Data section start
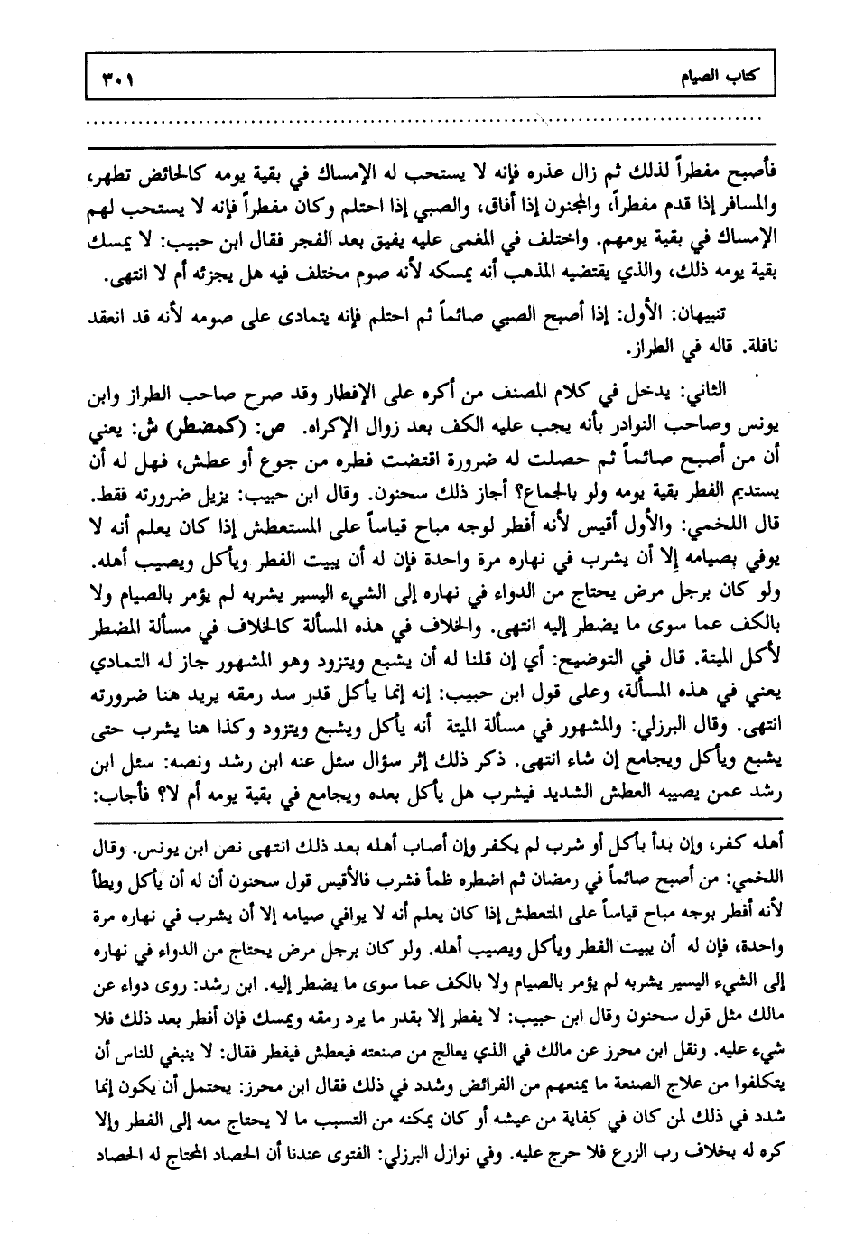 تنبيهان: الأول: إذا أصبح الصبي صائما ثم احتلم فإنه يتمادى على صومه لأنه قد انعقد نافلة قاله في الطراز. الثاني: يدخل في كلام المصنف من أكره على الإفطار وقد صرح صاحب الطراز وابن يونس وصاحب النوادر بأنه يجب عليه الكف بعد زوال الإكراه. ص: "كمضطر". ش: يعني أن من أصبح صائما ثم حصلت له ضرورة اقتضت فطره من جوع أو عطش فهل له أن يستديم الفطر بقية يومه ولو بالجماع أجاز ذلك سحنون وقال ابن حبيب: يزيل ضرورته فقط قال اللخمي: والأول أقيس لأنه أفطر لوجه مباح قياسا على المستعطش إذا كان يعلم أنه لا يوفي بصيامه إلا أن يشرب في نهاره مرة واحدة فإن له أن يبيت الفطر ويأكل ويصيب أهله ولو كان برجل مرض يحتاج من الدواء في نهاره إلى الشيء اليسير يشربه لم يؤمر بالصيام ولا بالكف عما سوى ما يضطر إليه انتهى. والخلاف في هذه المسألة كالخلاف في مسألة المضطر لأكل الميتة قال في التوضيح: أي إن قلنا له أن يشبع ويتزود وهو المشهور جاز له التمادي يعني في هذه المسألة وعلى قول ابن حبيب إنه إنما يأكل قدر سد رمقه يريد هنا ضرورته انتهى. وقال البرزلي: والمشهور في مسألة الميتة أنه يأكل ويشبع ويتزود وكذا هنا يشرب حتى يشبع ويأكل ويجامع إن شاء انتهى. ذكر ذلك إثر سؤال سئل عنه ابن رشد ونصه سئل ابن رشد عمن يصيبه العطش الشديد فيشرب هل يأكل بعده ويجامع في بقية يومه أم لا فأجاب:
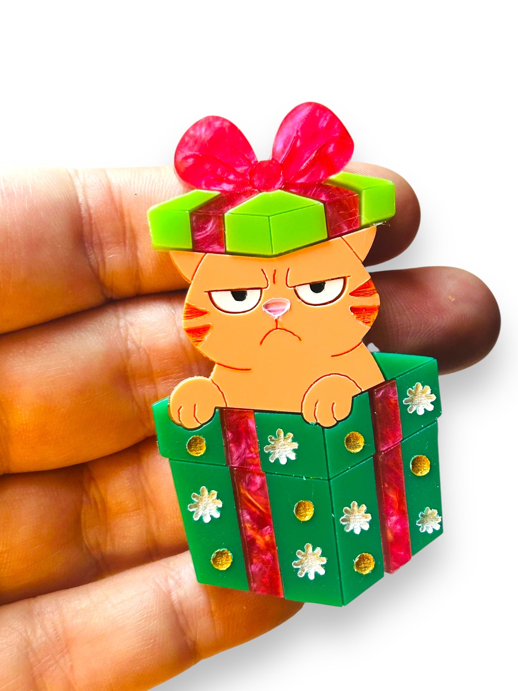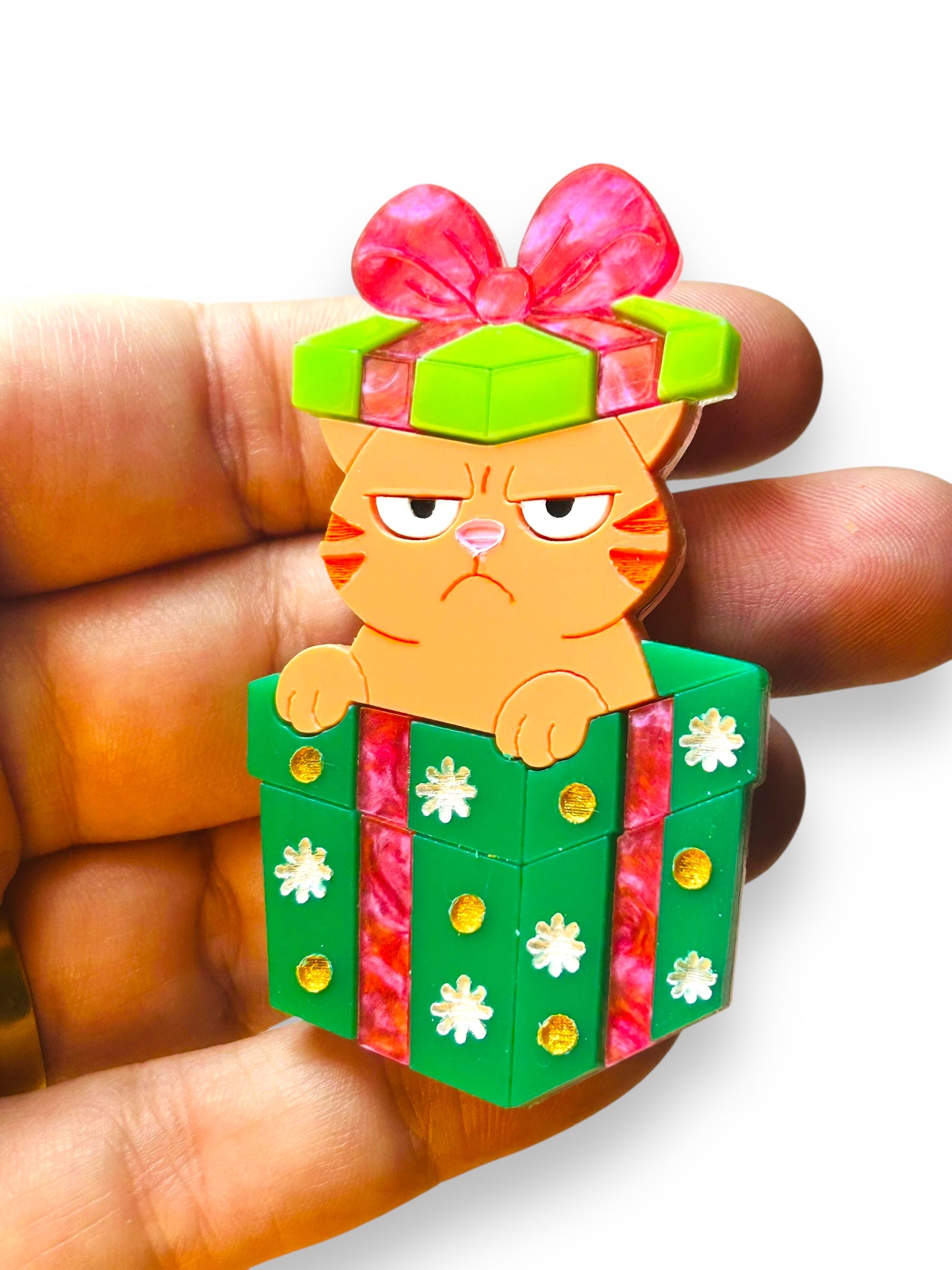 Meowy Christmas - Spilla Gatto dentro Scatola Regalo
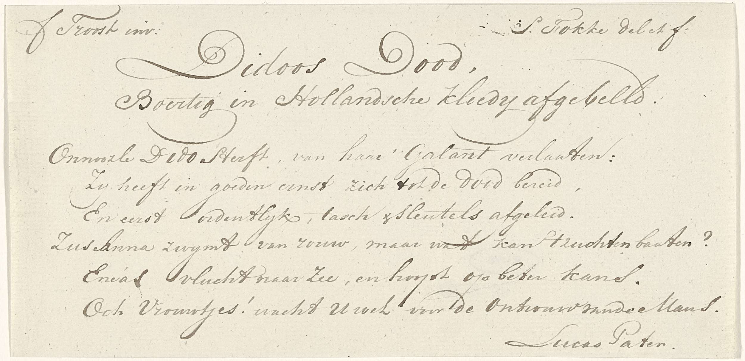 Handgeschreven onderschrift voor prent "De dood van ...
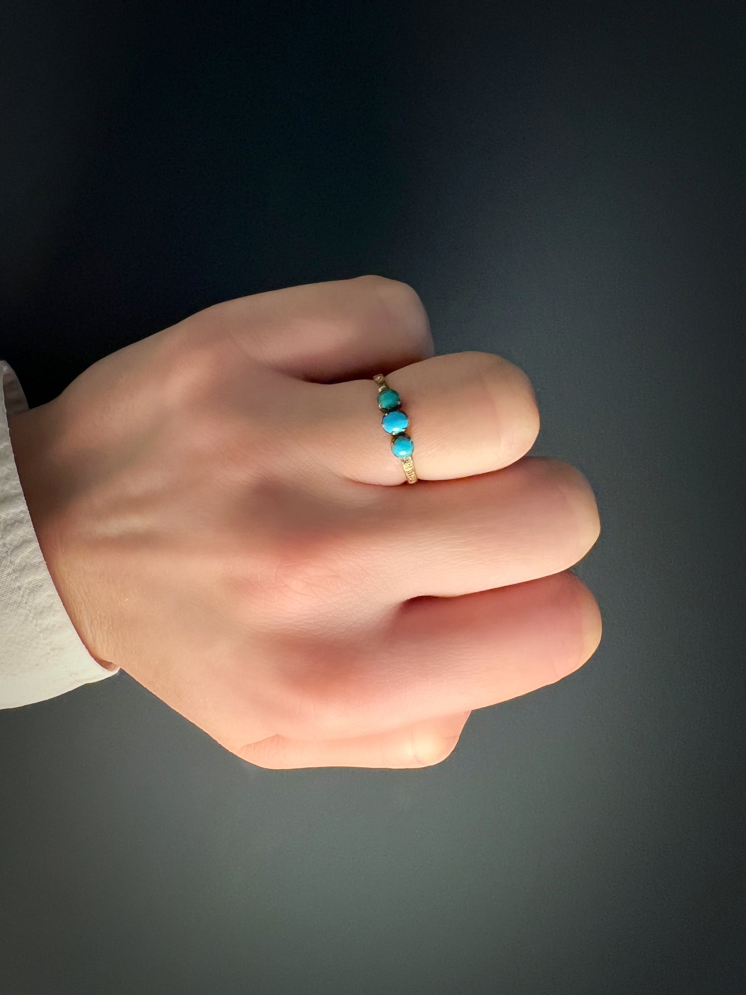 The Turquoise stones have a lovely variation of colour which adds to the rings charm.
Data section end
■ Your objective:
The expected answer is the full listing above, transcribed exactly and without pictures.

■ Solution to the exercise:
 تنبيهان: الأول: إذا أصبح الصبي صائما ثم احتلم فإنه يتمادى على صومه لأنه قد انعقد نافلة قاله في الطراز. الثاني: يدخل في كلام المصنف من أكره على الإفطار وقد صرح صاحب الطراز وابن يونس وصاحب النوادر بأنه يجب عليه الكف بعد زوال الإكراه. ص: "كمضطر". ش: يعني أن من أصبح صائما ثم حصلت له ضرورة اقتضت فطره من جوع أو عطش فهل له أن يستديم الفطر بقية يومه ولو بالجماع أجاز ذلك سحنون وقال ابن حبيب: يزيل ضرورته فقط قال اللخمي: والأول أقيس لأنه أفطر لوجه مباح قياسا على المستعطش إذا كان يعلم أنه لا يوفي بصيامه إلا أن يشرب في نهاره مرة واحدة فإن له أن يبيت الفطر ويأكل ويصيب أهله ولو كان برجل مرض يحتاج من الدواء في نهاره إلى الشيء اليسير يشربه لم يؤمر بالصيام ولا بالكف عما سوى ما يضطر إليه انتهى. والخلاف في هذه المسألة كالخلاف في مسألة المضطر لأكل الميتة قال في التوضيح: أي إن قلنا له أن يشبع ويتزود وهو المشهور جاز له التمادي يعني في هذه المسألة وعلى قول ابن حبيب إنه إنما يأكل قدر سد رمقه يريد هنا ضرورته انتهى. وقال البرزلي: والمشهور في مسألة الميتة أنه يأكل ويشبع ويتزود وكذا هنا يشرب حتى يشبع ويأكل ويجامع إن شاء انتهى. ذكر ذلك إثر سؤال سئل عنه ابن رشد ونصه سئل ابن رشد عمن يصيبه العطش الشديد فيشرب هل يأكل بعده ويجامع في بقية يومه أم لا فأجاب:
 Meowy Christmas - Spilla Gatto dentro Scatola Regalo
 Handgeschreven onderschrift voor prent "De dood van ...
 The Turquoise stones have a lovely variation of colour which adds to the rings charm.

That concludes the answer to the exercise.